W artykule należącym do serii publikacji dotyczących wartości MIC (minimalne stężenia hamujące) skupiliśmy się na tym, czym jest „prawdziwa” lub „rzeczywista” wartość MIC. Dowiedzieliśmy się, że zdecydowana większość zautomatyzowanych systemów ID and AST nie jest zgodna z wymaganiami protokołów referencyjnych metod wyznaczania wartości MIC określonych przez International Organization for Standardization (Międzynarodową Organizacją Normalizacyjną, ISO) 20776-1:2006 (E)1 oraz Clinical and Laboratory Standards Institute (Instytut Standardów Klinicznych i Laboratoryjnych, CLSI) M07-A10. Z tego względu producenci systemów zautomatyzowanych są zobowiązani do generowania danych dotyczących skuteczności testów klinicznych w celu weryfikacji równoważności ich procedur z metodą referencyjną. Stanowi to potwierdzenie, że wyznaczane w ich systemach wartości MIC, są „prawdziwe” lub „rzeczywiste”. W niniejszym artykule zbadamy typ danych wejściowych gromadzonych w systemie VITEK® 2 oraz sposób przekształcania ich w dokładną wartość MIC.

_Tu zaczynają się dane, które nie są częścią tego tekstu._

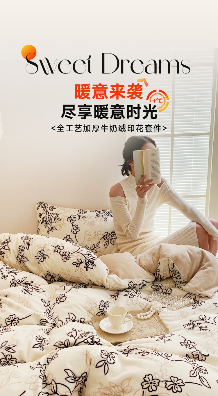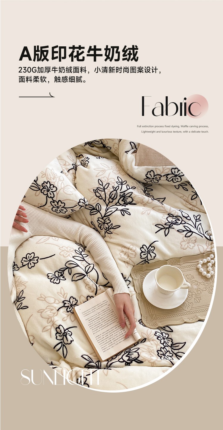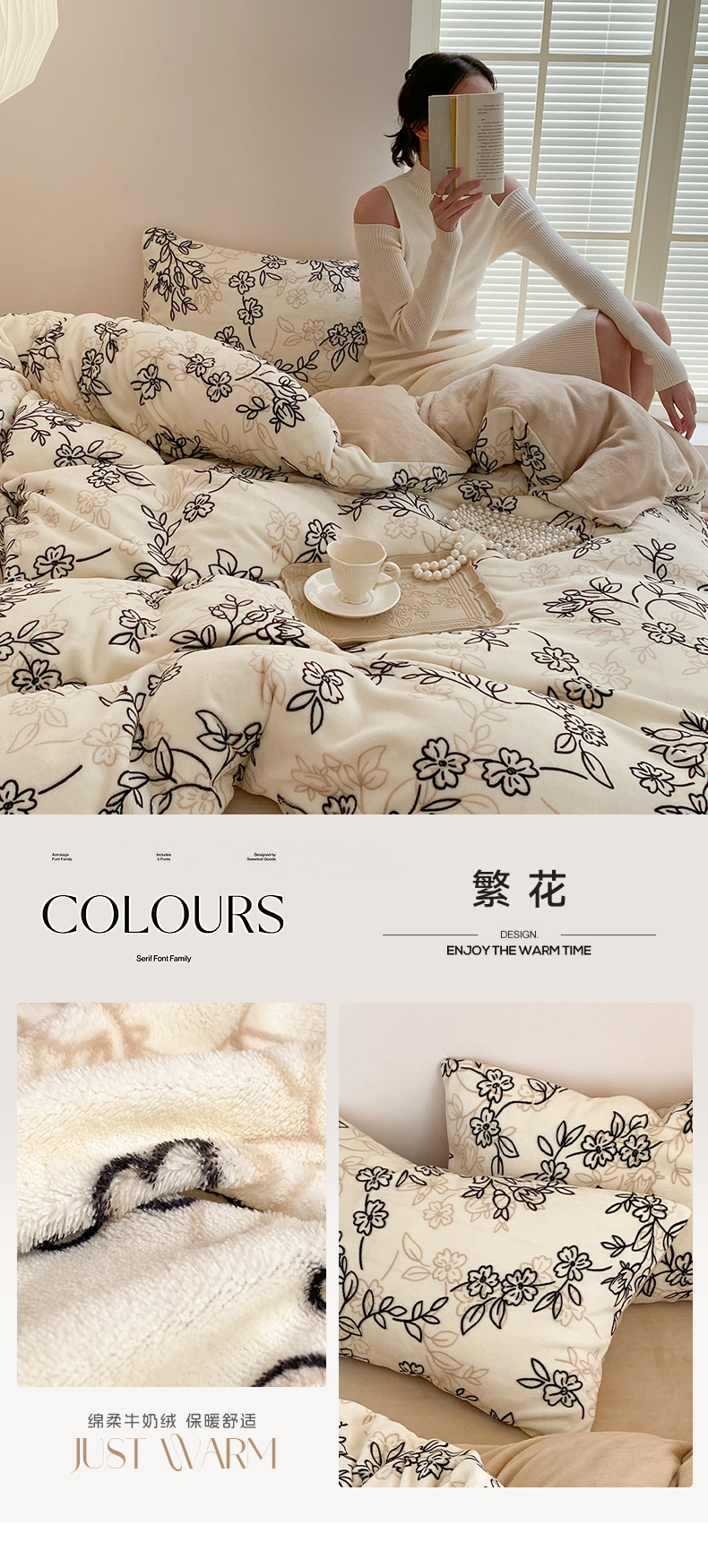 当前位置: 91家纺网 > 商品网购 > 床品套件 > 四件套 > 牛奶绒四件套 > 时光里 2023新款230g半消光印花牛奶绒四件套 花卉款-繁花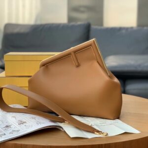 – Oversized metal F clasp bound with tone on tone nappa leather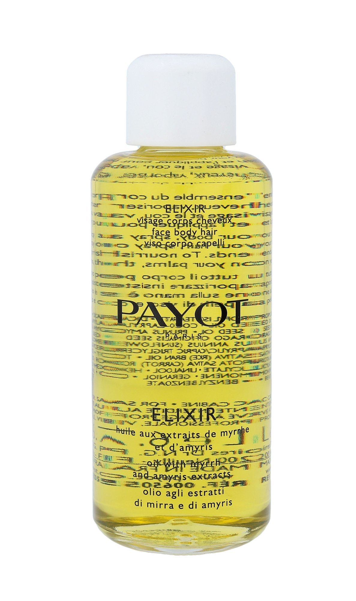 Payot Elixir Body Face Hair OilOlej s extraktem myrhy a amyris pro tělo, obličej a vlasy. Na přírodní bázi. Obnovuje a hydratuje tělo, obličej a vlasy. Obohacený s rostlinnými oleji k posílení pokožky a vlasů. Obsahuje esenciální olej z Osmanthusu k relaxaci pokožky. Dodává dlouhodobou péči proti...

Jak monitoruje się wzrost mikroorganizmu?

Izolaty pacjenta są badane w VITEK® 2 przy użyciu pojedynczej, zawierającej wszystkie odczynniki, jednorazowej karty AST (rysunek 1) stosowanej do oznaczania jednego izolatu. Każda karta zawiera co najmniej jedną studzienkę kontroli dodatniej bez antybiotyku (jedynie z bulionem wzrostowym) oraz wiele studzienek ze wzrastającymi stężeniami różnych antybiotyków w bulionie.

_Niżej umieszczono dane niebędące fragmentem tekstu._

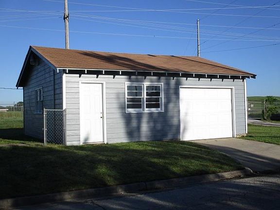 1950's home that is like new inside with original refinished hardwood floors. Seller has recently updated kitchen, bathroom, install some new windows were needed, new pain inside and out. Seller is installing new dishwasher, kitchen range and refrigerator. Separate laundry room. Eves on house are no maintenance. Quiet dead end street. 25 x 26 detached garage with yard space between. Outside electric between house and garage that could be used for RV connection. New interior doors. County shows as a 2 bedroom with 910 sq. ft. Seller has enclosed garage to make an additional 234 of living space that is a 3rd bedroom or family room. Would also make a great workout room. Walk to hospital . Poplar Place is located 2 blocks west of hospital.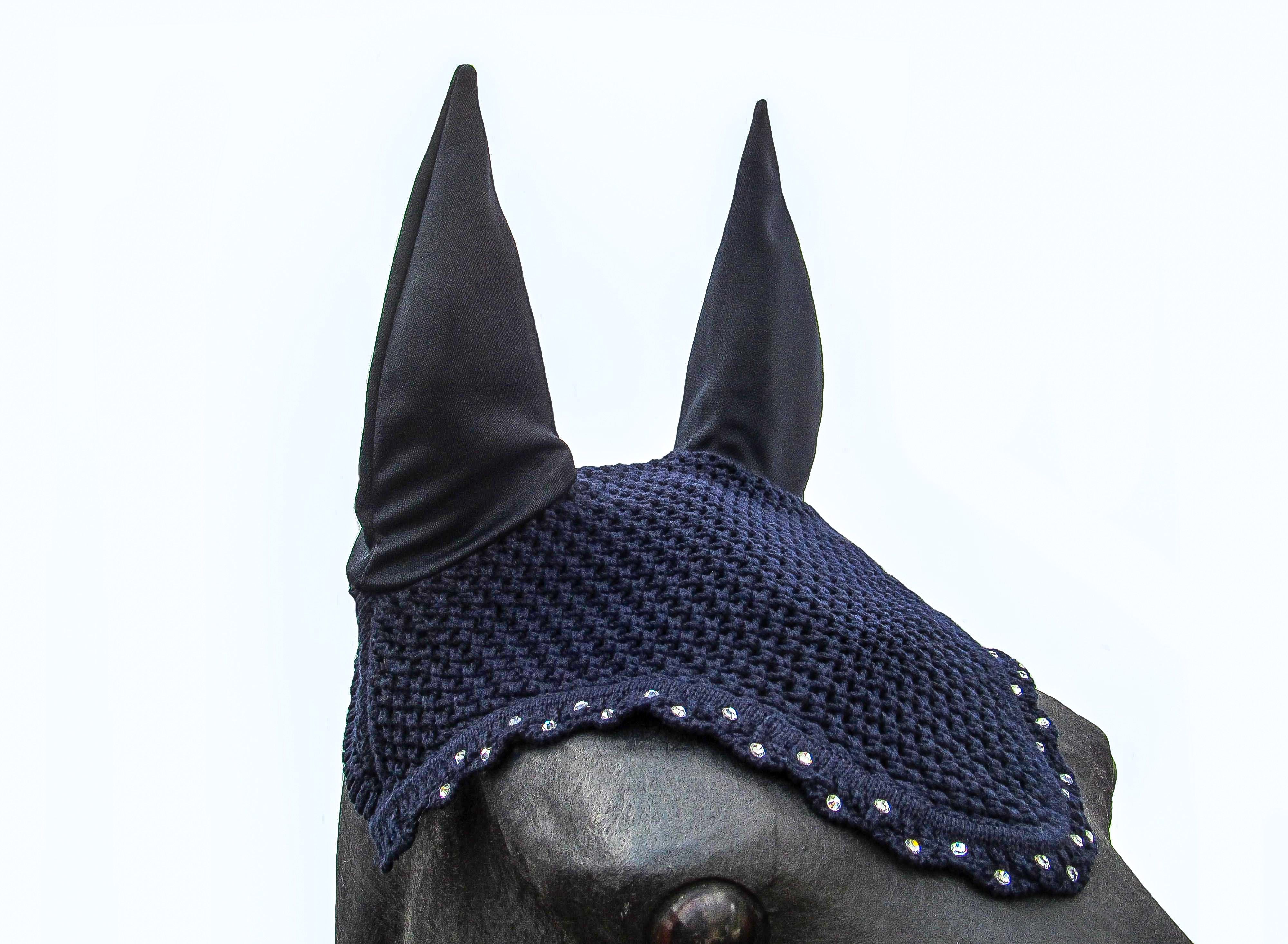 Lightweight woven ear bonnet with Swarovski Crystals on the edge.

VITEK® 2 stale monitoruje wzrost mikroorganizmu we wszystkich studzienkach. Wzrost w studzience kontroli dodatniej jest sprawdzany do momentu osiągnięcia wcześniej określonego minimalnego poziomu wzrostu mikroorganizmu określanego poprzez pomiary zmętnienia (tj. procentową zmianę jednostkowej przepuszczalności podstawowej – raw transmittance unit -% ΔRTU). Wzrost w studzience kontrolnej wykazuje, że badany izolat zawiera żywe kultury mikroorganizmu i rozwija się z odpowiednią szybkością, umożliwiającą rozpoczęcie analizy dla pozostałych studzienek. Analiza ta odbywa się co 15 minut, aż do zakończenia oznaczania antybiotykowrażliwości.

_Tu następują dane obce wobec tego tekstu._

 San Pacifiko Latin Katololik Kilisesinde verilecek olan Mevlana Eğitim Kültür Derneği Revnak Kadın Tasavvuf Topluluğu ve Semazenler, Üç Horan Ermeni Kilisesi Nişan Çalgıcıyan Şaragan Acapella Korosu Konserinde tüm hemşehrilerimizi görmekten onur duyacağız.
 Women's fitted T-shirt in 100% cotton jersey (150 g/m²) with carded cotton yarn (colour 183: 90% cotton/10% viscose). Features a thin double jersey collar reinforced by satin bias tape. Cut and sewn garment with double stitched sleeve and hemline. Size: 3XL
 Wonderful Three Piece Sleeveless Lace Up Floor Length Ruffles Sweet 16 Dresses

Jak pokazano na rysunku 2, wzrost organizmu jest mierzony na kilka sposobów. Zarówno w studzience kontroli dodatniej, jak i w studzienkach zawierających antybiotyki. Względny wzrost mikroorganizmu w każdej studzience z antybiotykiem jest także porównywany ze wzrostem w studzience (studzienkach) kontroli dodatniej.


Rysunek 1: Karta VITEK® 2 AST
Powiększ


Rysunek 2: Zasada określania wartości MIC w systemie VITEK® 2
Powiększ

Jak określana jest wartość MIC?

Wartość MIC określa się przez porównanie wzrostu izolatu pacjenta ze wzrostem izolatów ze znanymi wartościami MIC. To jak posiadanie krzywej kalibracji zapisanej w pamięci systemu VITEK®2, gdzie krzywa służy do powiązania wartości MIC odniesienia z aktywnością mikroorganizmu w studzienkach z antybiotykiem.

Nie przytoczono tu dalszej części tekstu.